So last year, my best friend of 8 years ended us after a few months of me having random depression if I couldn't be around him. Over time, I've realized how much I was hurting him with emotional abuse and I feel so terrible about it. But I know he won't ever let me in his life again and I agree with that. So I just need to know, How can I forgive myself for abusing someone I love?
Hey Nonnie, I have a friend who went through a very similar situation, so I asked for their advice on your behalf. They wrote:
Acknowledging that you made a mistake is important, but also be kind to yourself. Recognize what you did wrong, and learn from it. Know that your friend doesn’t owe you anything, but also know that – although you aren’t absolved of responsibility, you were/are mentally ill.

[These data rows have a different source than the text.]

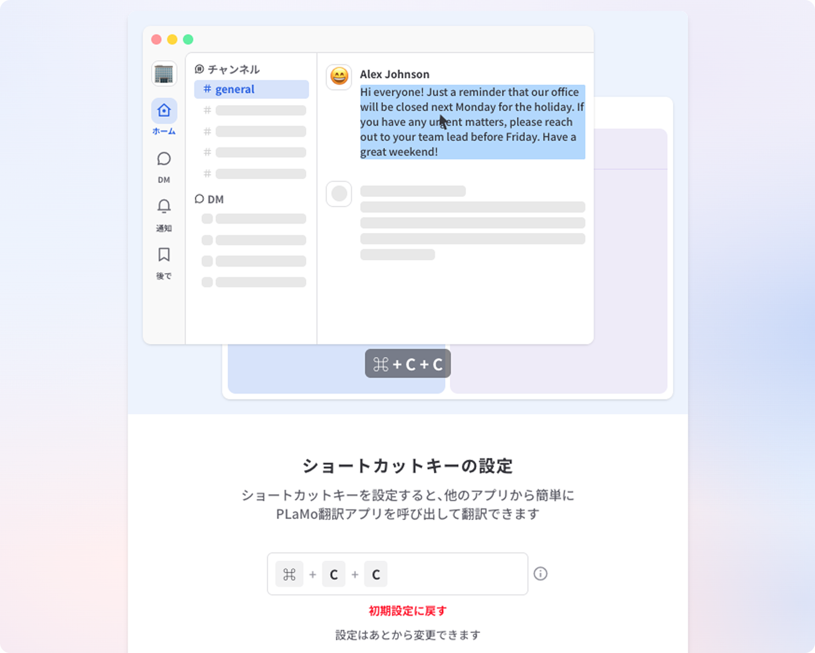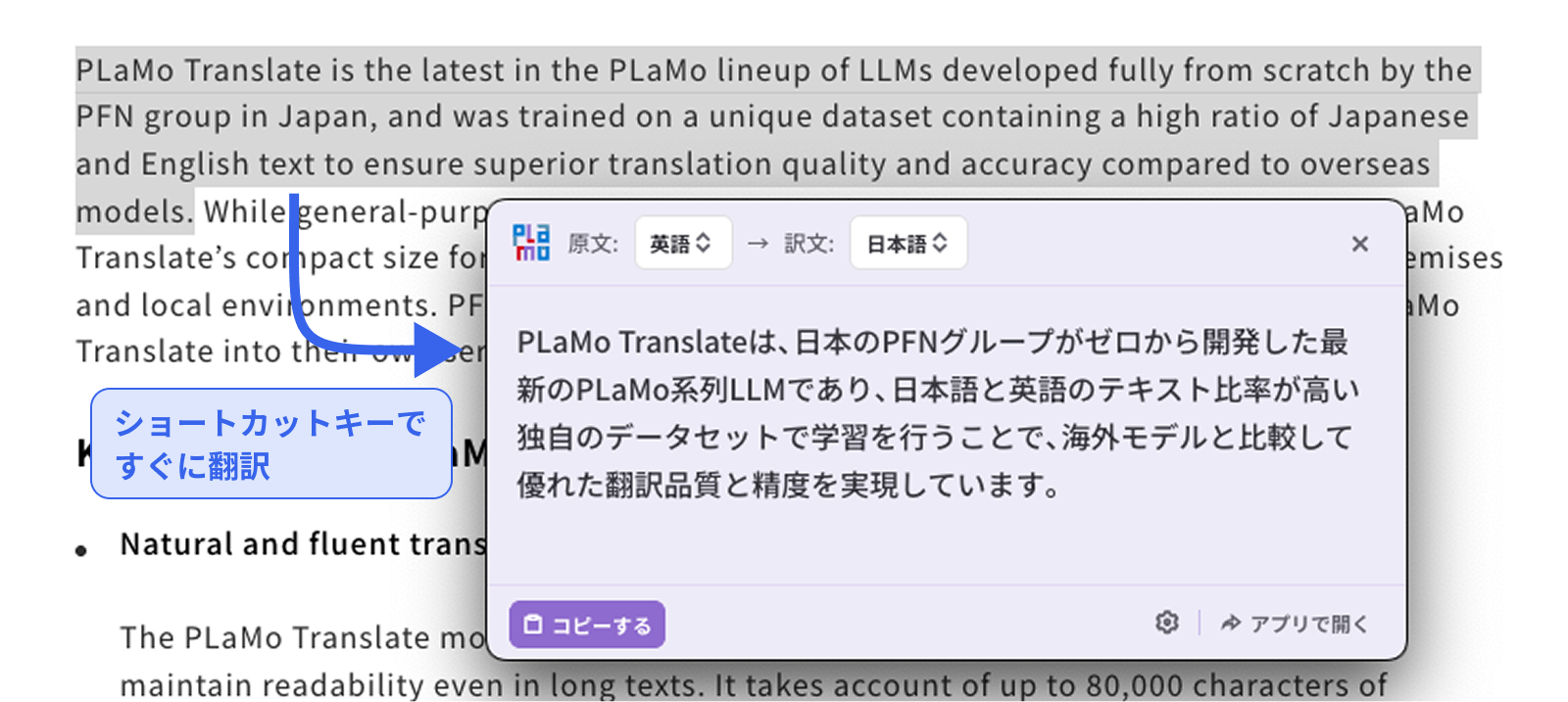 他のアプリケーション上でテキストを選択し、以下のショートカットキーを押すだけで、PLaMo翻訳のウィンドウがポップアップし、すぐに翻訳結果を確認できます(ショートカットキーは変更可能です)。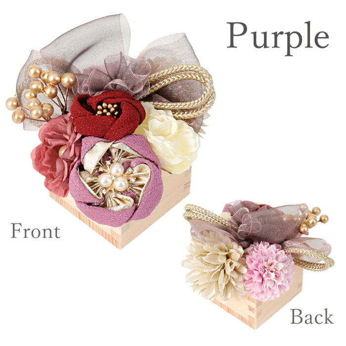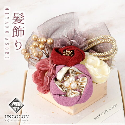 髪飾り ヘッドドレス つまみ細工 ちりめん リボン 成人式 パープル 紫 花かんざし Uピン セット 袴 振袖 着物 和装 花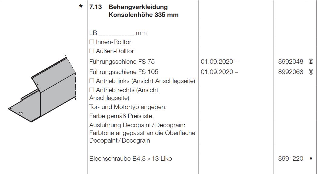 Hörmann Behangverkleidung Konsolenhöhe 335 mm FS 75 Garagen-Rolltor RollMatic T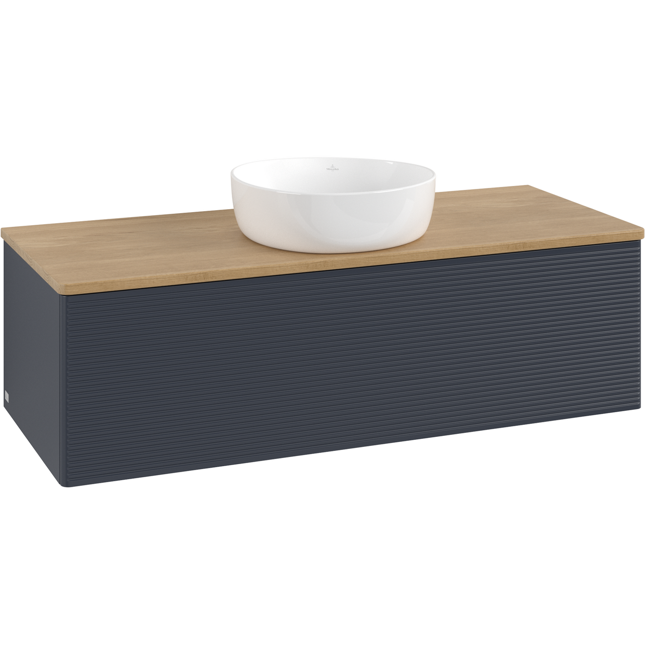V&b antao servantskap 1 skuff rillet 1200x360x500 u/kranhull m/lys blå/eik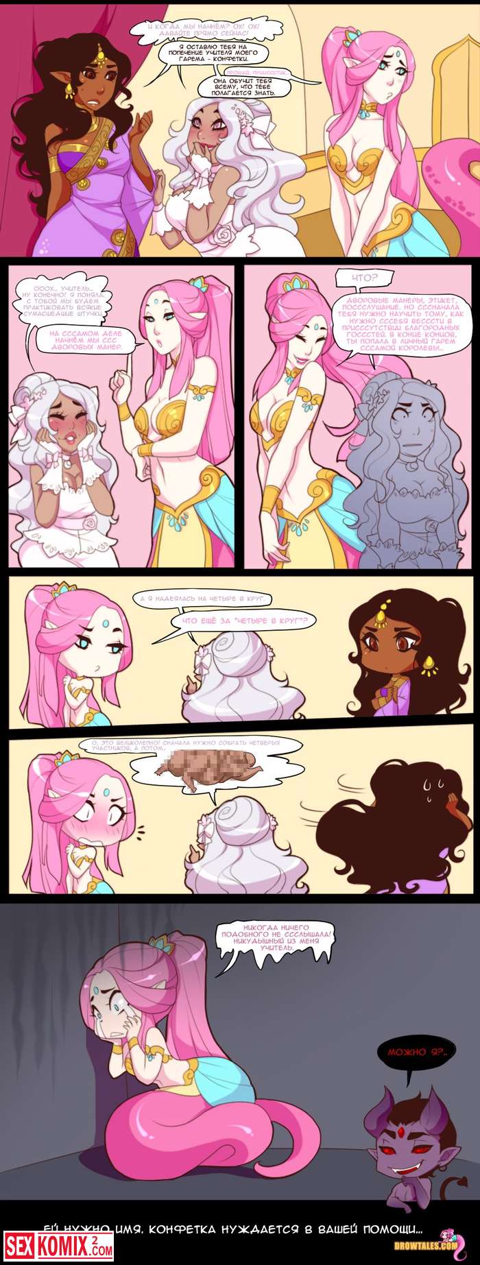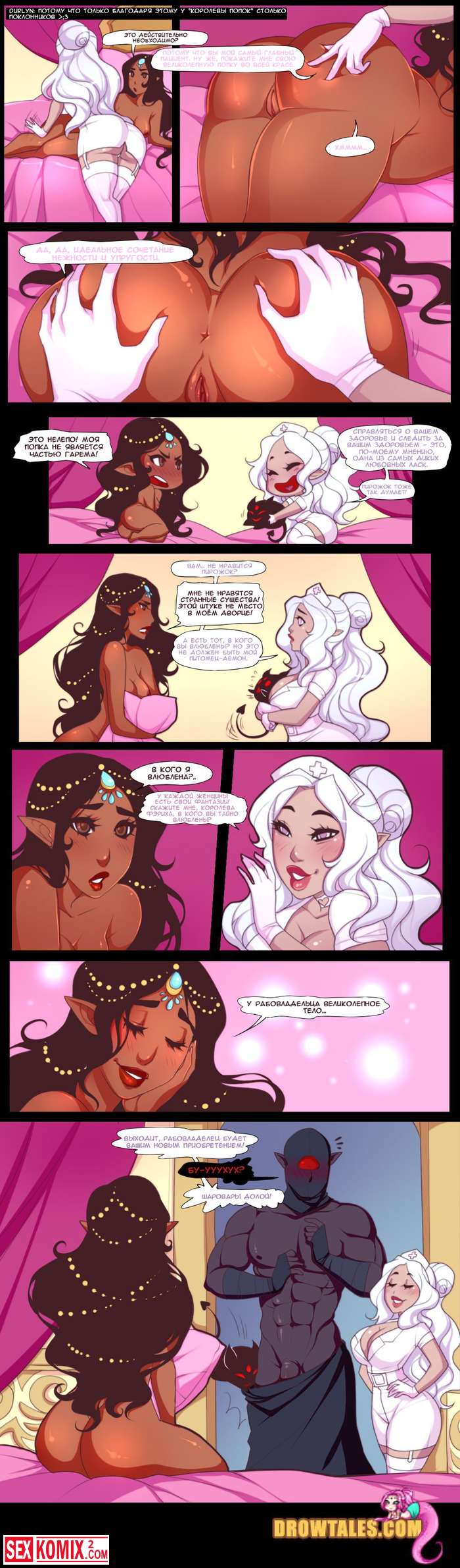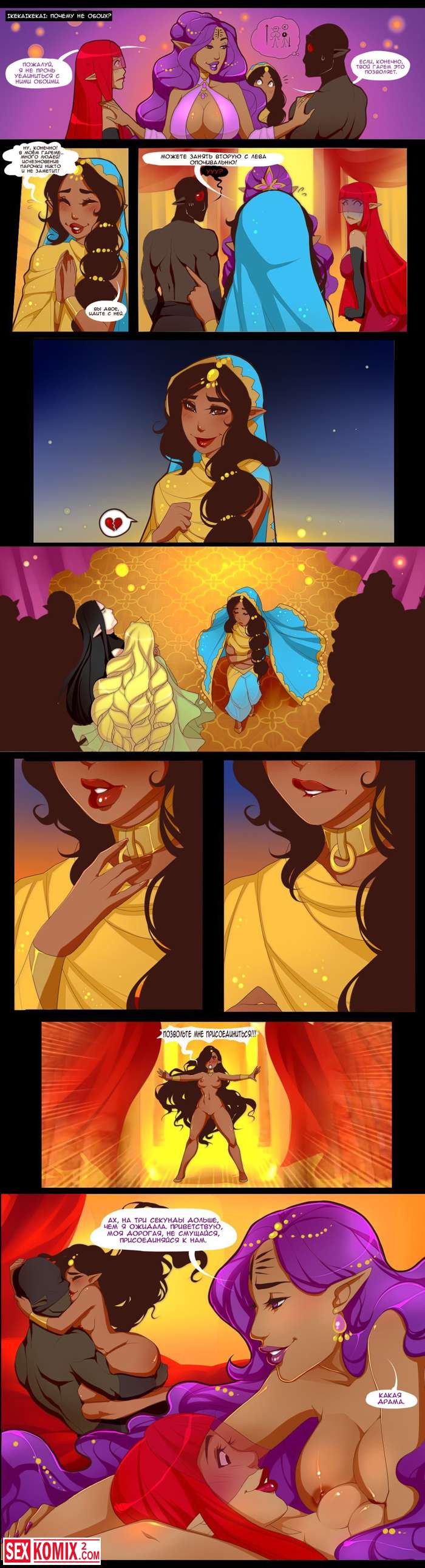 Порно комикс Королева попок. Часть 3. В покоях принцессы разгораются настоящие страсти, все фантастические существа занимаются сексом и устраивают оргии.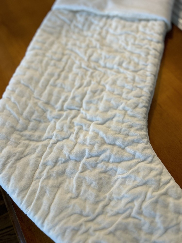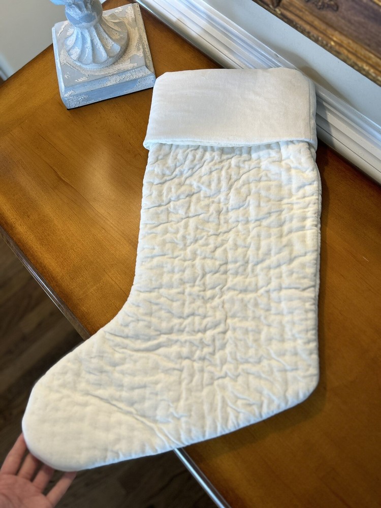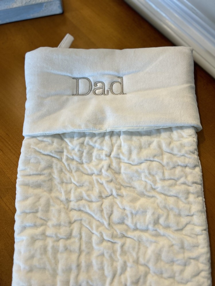 Pottery Barn Channel Velvet Quilted Christmas Stocking Large Ivory Mono “Dad” NWOT - The monogram is slightly off center, please reference photos!...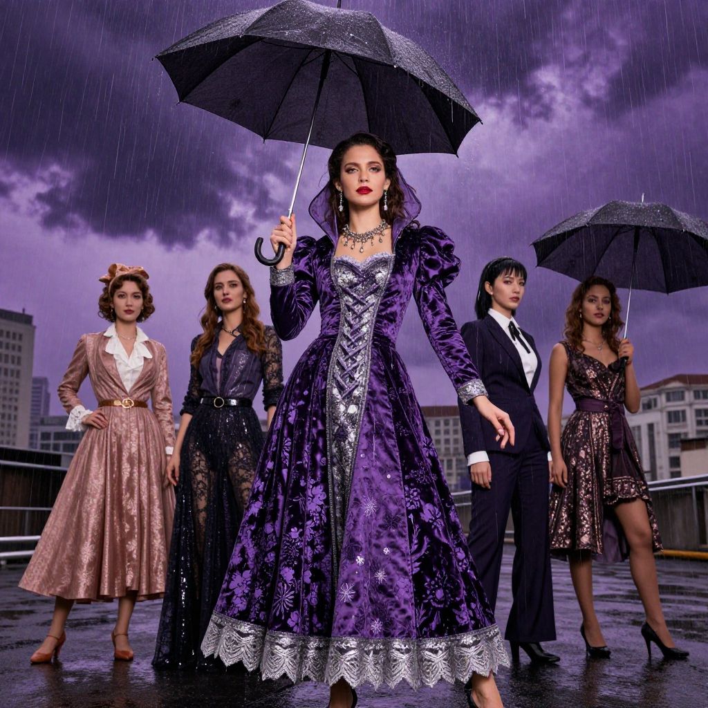 Dynamic purple rain costume female, theatrical ensemble combining vintage and modern elements, velvet and silk fabrics with rain-inspired patterns, delicate lace and metallic accessories, dramatic umbrella prop, vibrant stormy sky with rain streaks in a cityscape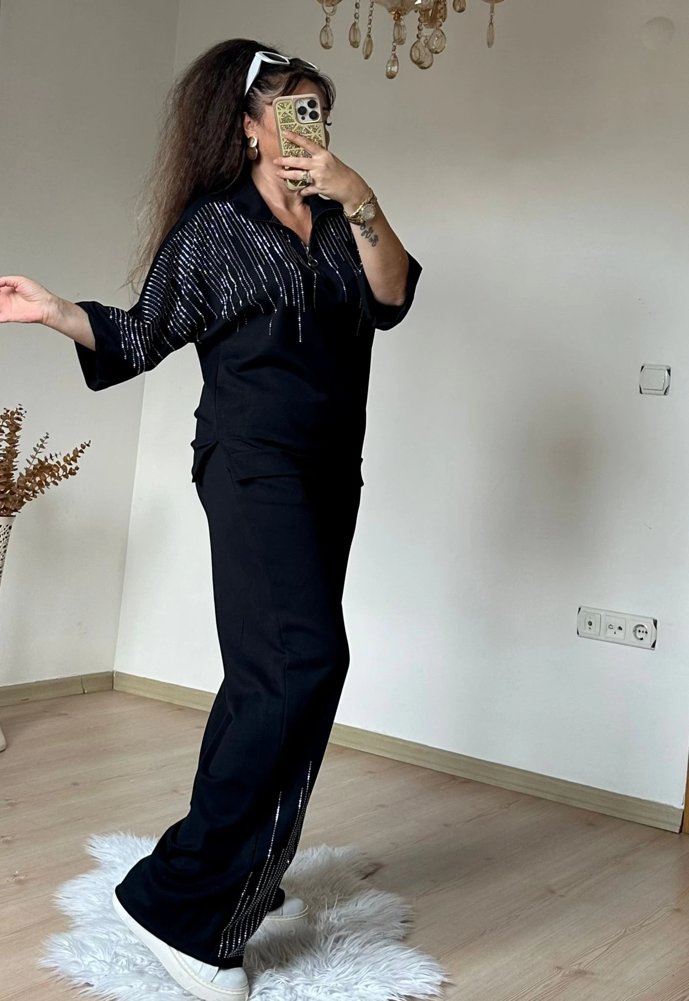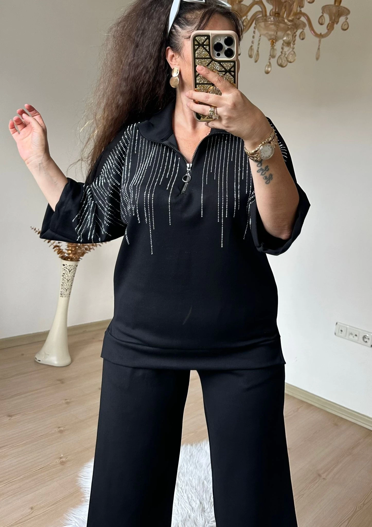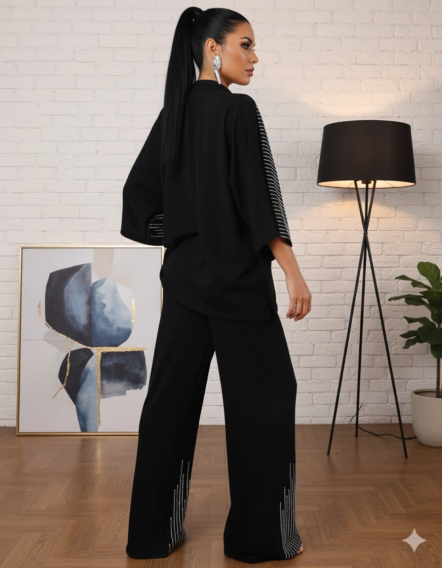 Ön Dikiş Detaylı Taşlı Takım Siyah Büyük Beden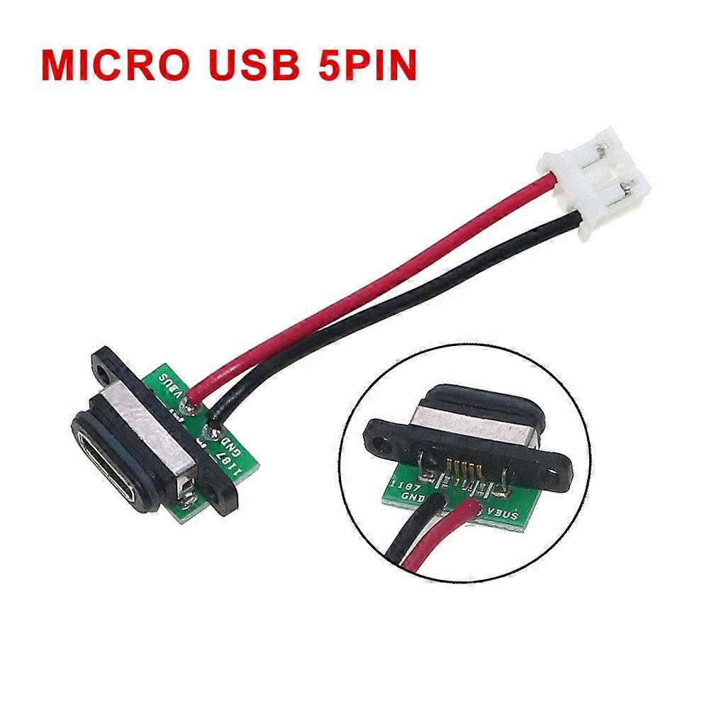 5PCS 5 Pin Micro USB Connector Port Socket Female with Screw Hole Waterproof Power Charging Dock With Cable Terminal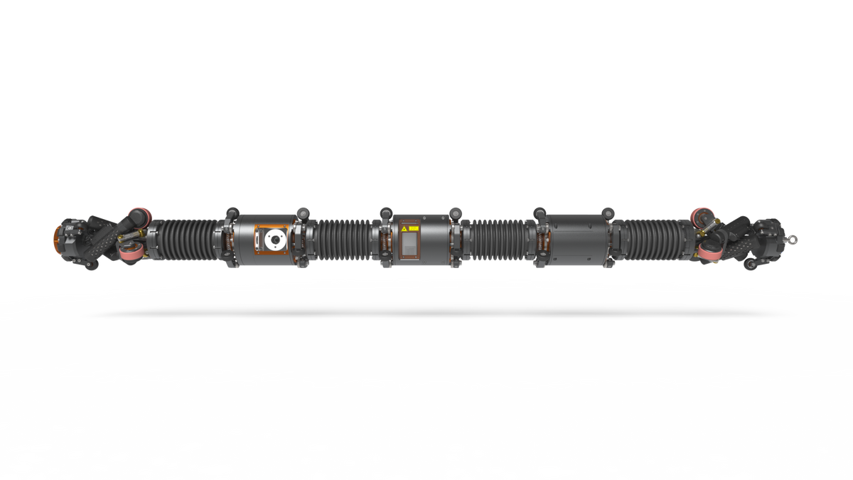 Built-in compliant mechanisms adapts to variations in pipe shape and size whilst remaining centred in the pipe in all orientations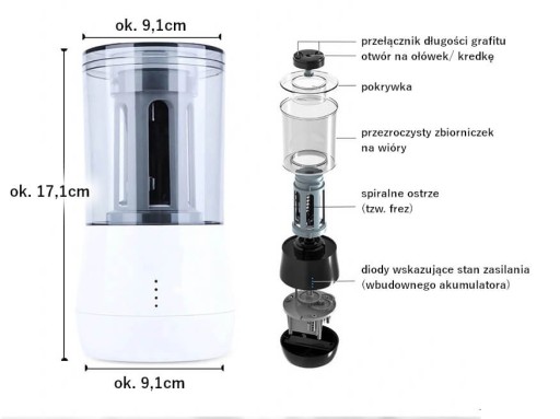 - Режим роботи: електрична заточка (вбудований літієвий акумулятор).
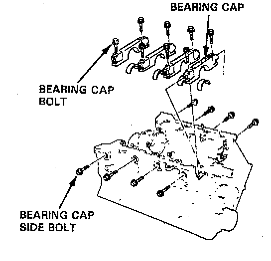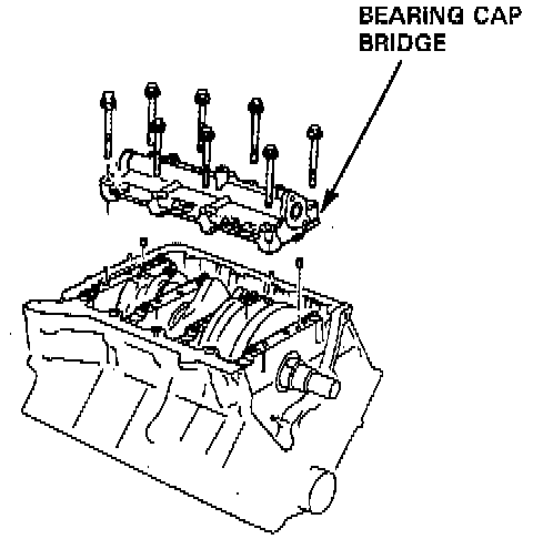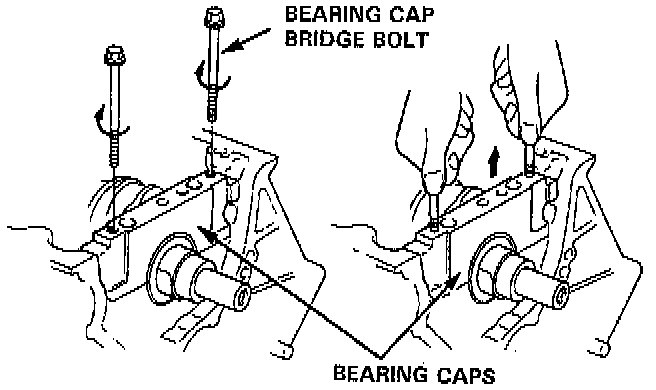 - To help with removal of the caps, install the bearing cap bridge bolts in the bearing cap bolt holes.

I truly believe that the thing that separates you from a ‘bad person’ is that looking back, you recognize that what you did was bad. Another thing that makes you a ‘good person’, is the fact that you’re actively seeking a way to resolve this situation.
Now, you can’t change the past, but what you can do is decide how you approach the consequences of your past actions. Reach out to your friend if you haven’t already. Apologize to them a final time. That’s all you can really do – try to fix your wrongdoings, but give your friend space if that’s what they need from you right now. Then you can rest, knowing that you’ve done all that you can. You can work to forgive yourself in the knowledge that here, now, you’ve done all the right things. You’ve changed, and you will do everything in your power to ensure that history doesn’t repeat itself.
I really hope this is helpful, Anon. If there’s anything else that I can do for you, know that my askbox is always open.